> TASK DETAILS
Leaving out the pictures, reproduce each record exactly and in full.

> Recorded data
------------------------------------------------------------------------
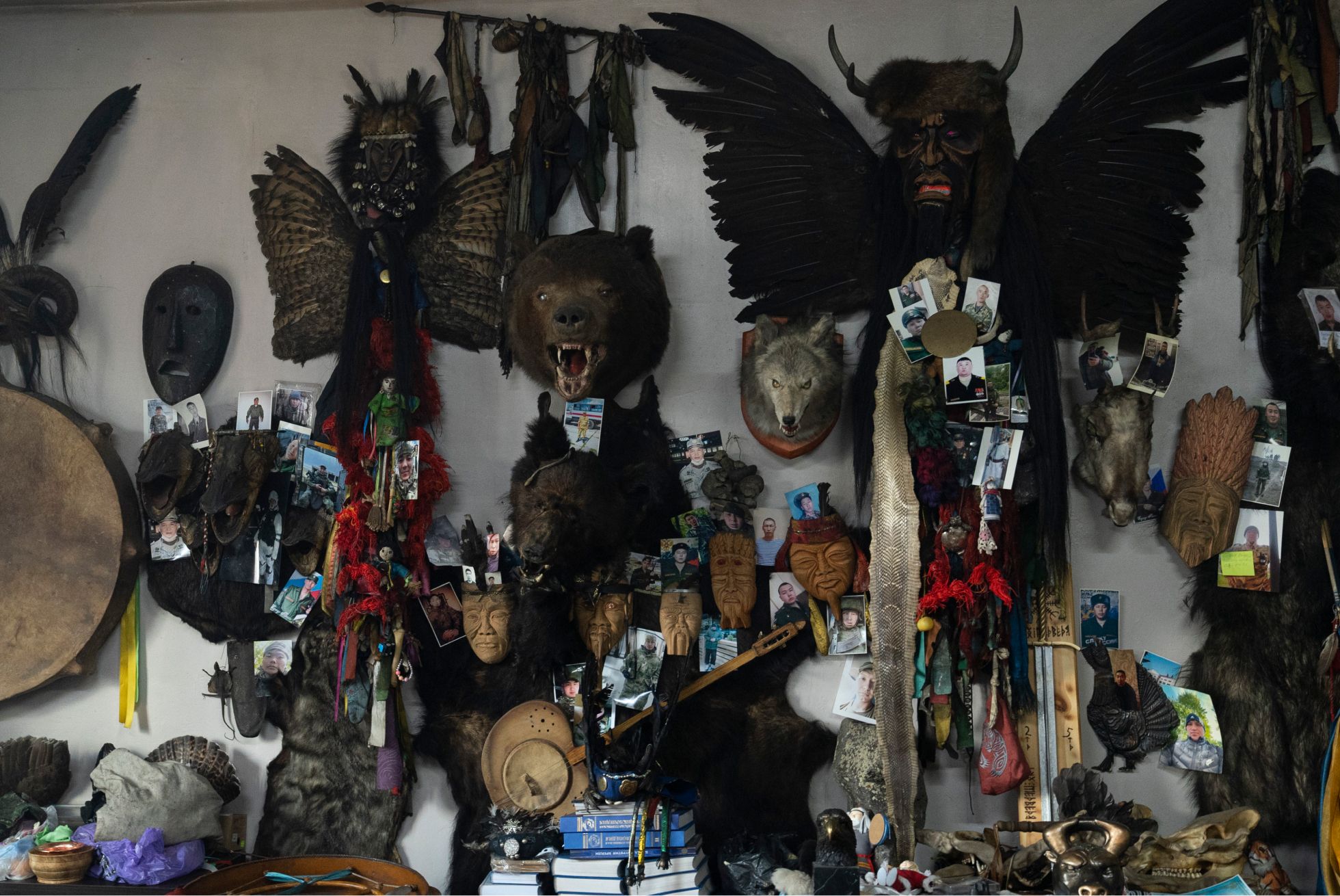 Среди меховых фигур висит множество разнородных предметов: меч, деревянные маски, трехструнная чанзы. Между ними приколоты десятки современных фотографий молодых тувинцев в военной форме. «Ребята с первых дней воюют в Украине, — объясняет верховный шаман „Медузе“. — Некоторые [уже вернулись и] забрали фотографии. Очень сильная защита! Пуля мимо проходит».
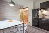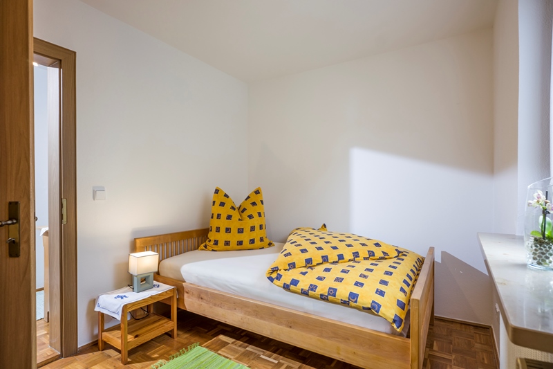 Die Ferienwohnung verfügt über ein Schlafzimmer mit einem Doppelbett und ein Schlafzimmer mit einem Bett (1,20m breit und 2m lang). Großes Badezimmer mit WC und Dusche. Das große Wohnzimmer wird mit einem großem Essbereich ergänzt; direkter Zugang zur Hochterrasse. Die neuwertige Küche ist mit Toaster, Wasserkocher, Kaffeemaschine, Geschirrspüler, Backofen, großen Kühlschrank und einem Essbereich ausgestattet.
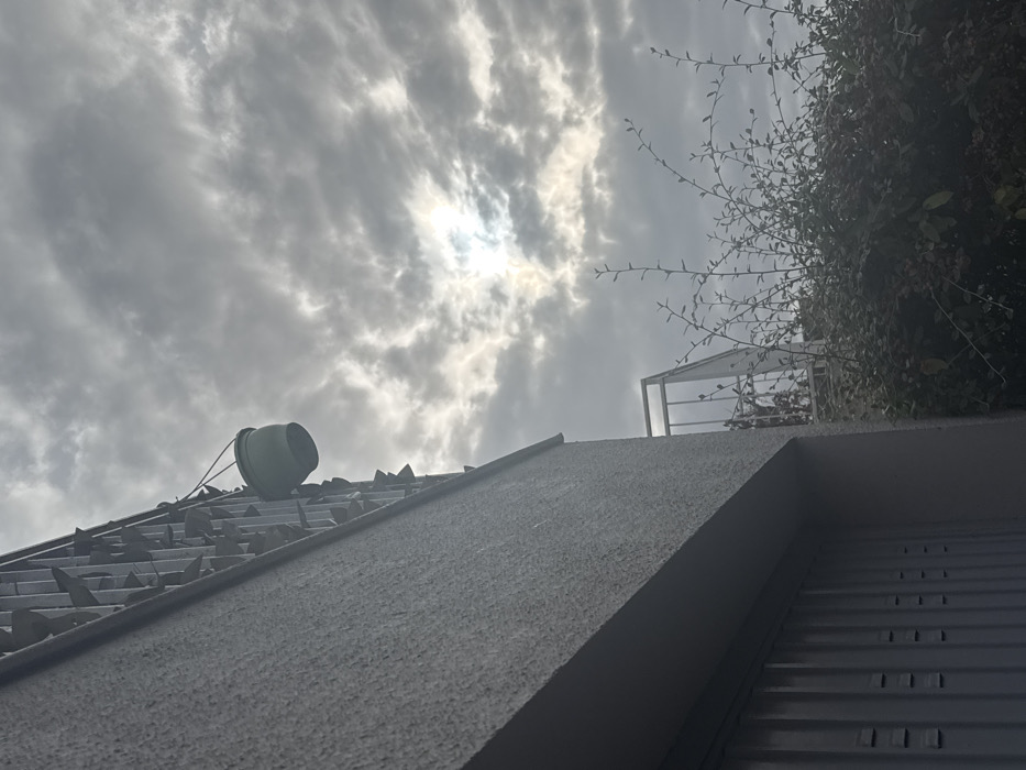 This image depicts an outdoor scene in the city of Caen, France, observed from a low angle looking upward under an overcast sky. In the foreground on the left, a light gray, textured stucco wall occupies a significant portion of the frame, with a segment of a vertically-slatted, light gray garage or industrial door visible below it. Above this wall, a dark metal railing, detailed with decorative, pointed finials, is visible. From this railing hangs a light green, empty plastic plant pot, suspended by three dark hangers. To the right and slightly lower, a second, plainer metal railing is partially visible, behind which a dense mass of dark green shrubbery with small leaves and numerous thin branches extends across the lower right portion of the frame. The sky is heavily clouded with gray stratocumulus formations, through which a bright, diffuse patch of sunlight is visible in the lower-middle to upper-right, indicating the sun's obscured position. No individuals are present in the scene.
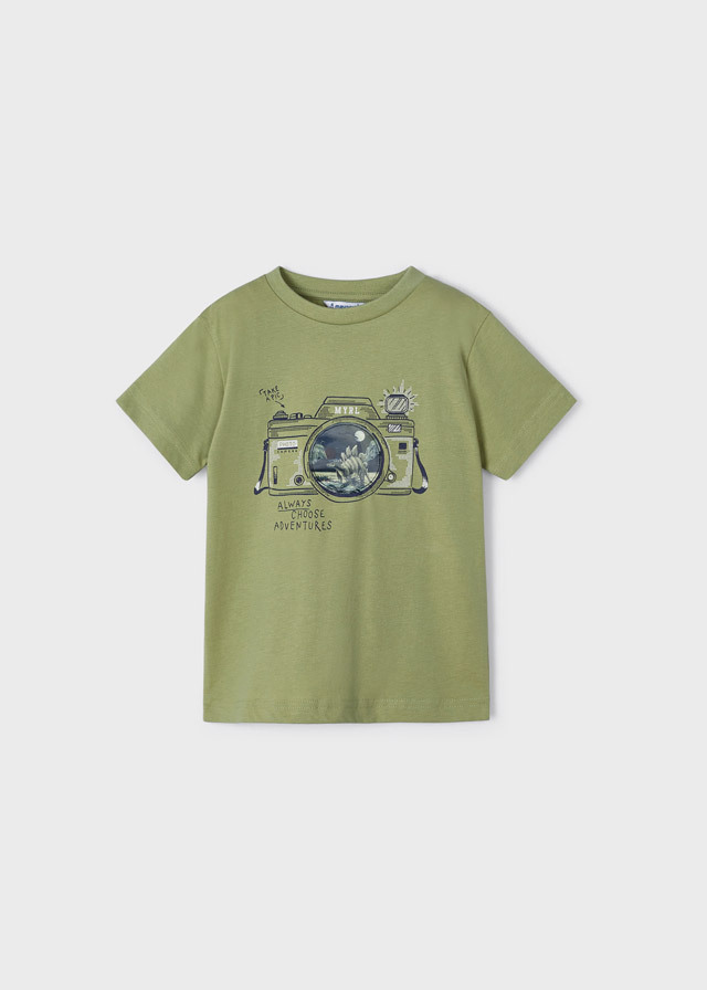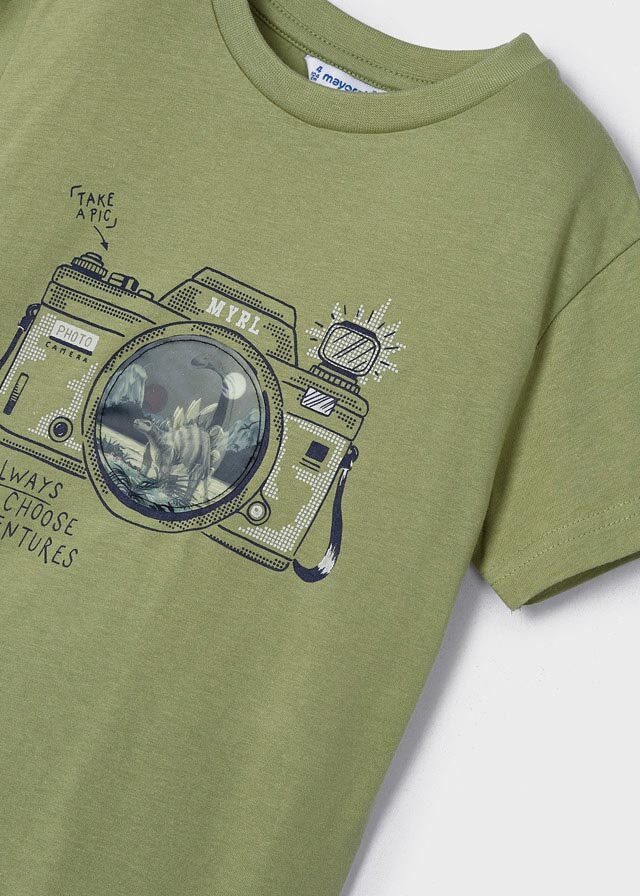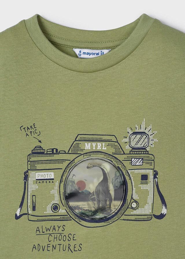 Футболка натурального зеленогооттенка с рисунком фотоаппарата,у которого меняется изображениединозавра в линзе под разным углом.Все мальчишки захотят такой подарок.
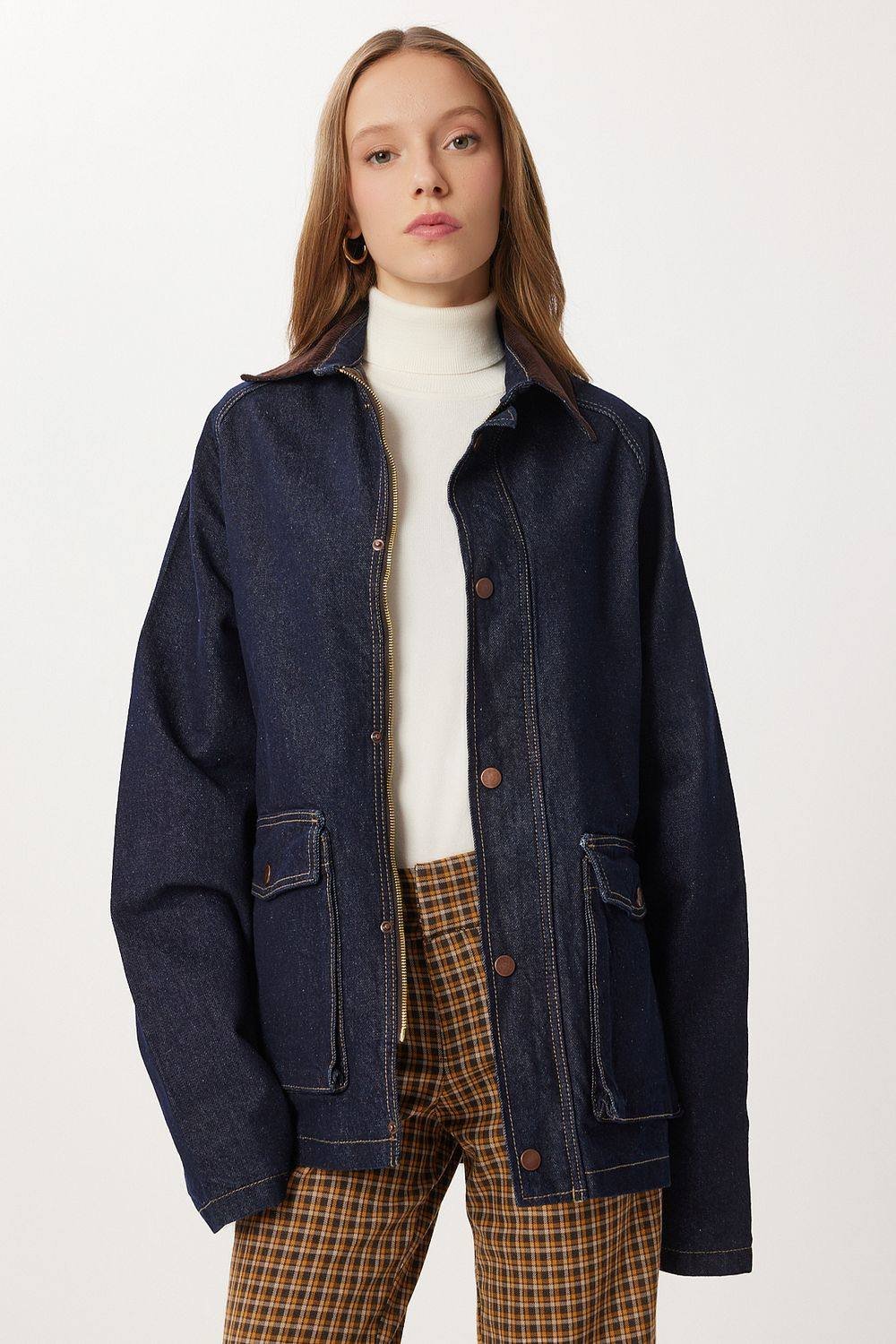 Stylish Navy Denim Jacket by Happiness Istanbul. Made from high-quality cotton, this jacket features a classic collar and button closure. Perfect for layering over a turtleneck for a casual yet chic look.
------------------------------------------------------------------------
> EXPECTED ANSWER
 Среди меховых фигур висит множество разнородных предметов: меч, деревянные маски, трехструнная чанзы. Между ними приколоты десятки современных фотографий молодых тувинцев в военной форме. «Ребята с первых дней воюют в Украине, — объясняет верховный шаман „Медузе“. — Некоторые [уже вернулись и] забрали фотографии. Очень сильная защита! Пуля мимо проходит».
 Die Ferienwohnung verfügt über ein Schlafzimmer mit einem Doppelbett und ein Schlafzimmer mit einem Bett (1,20m breit und 2m lang). Großes Badezimmer mit WC und Dusche. Das große Wohnzimmer wird mit einem großem Essbereich ergänzt; direkter Zugang zur Hochterrasse. Die neuwertige Küche ist mit Toaster, Wasserkocher, Kaffeemaschine, Geschirrspüler, Backofen, großen Kühlschrank und einem Essbereich ausgestattet.
 This image depicts an outdoor scene in the city of Caen, France, observed from a low angle looking upward under an overcast sky. In the foreground on the left, a light gray, textured stucco wall occupies a significant portion of the frame, with a segment of a vertically-slatted, light gray garage or industrial door visible below it. Above this wall, a dark metal railing, detailed with decorative, pointed finials, is visible. From this railing hangs a light green, empty plastic plant pot, suspended by three dark hangers. To the right and slightly lower, a second, plainer metal railing is partially visible, behind which a dense mass of dark green shrubbery with small leaves and numerous thin branches extends across the lower right portion of the frame. The sky is heavily clouded with gray stratocumulus formations, through which a bright, diffuse patch of sunlight is visible in the lower-middle to upper-right, indicating the sun's obscured position. No individuals are present in the scene.
 Футболка натурального зеленогооттенка с рисунком фотоаппарата,у которого меняется изображениединозавра в линзе под разным углом.Все мальчишки захотят такой подарок.
 Stylish Navy Denim Jacket by Happiness Istanbul. Made from high-quality cotton, this jacket features a classic collar and button closure. Perfect for layering over a turtleneck for a casual yet chic look.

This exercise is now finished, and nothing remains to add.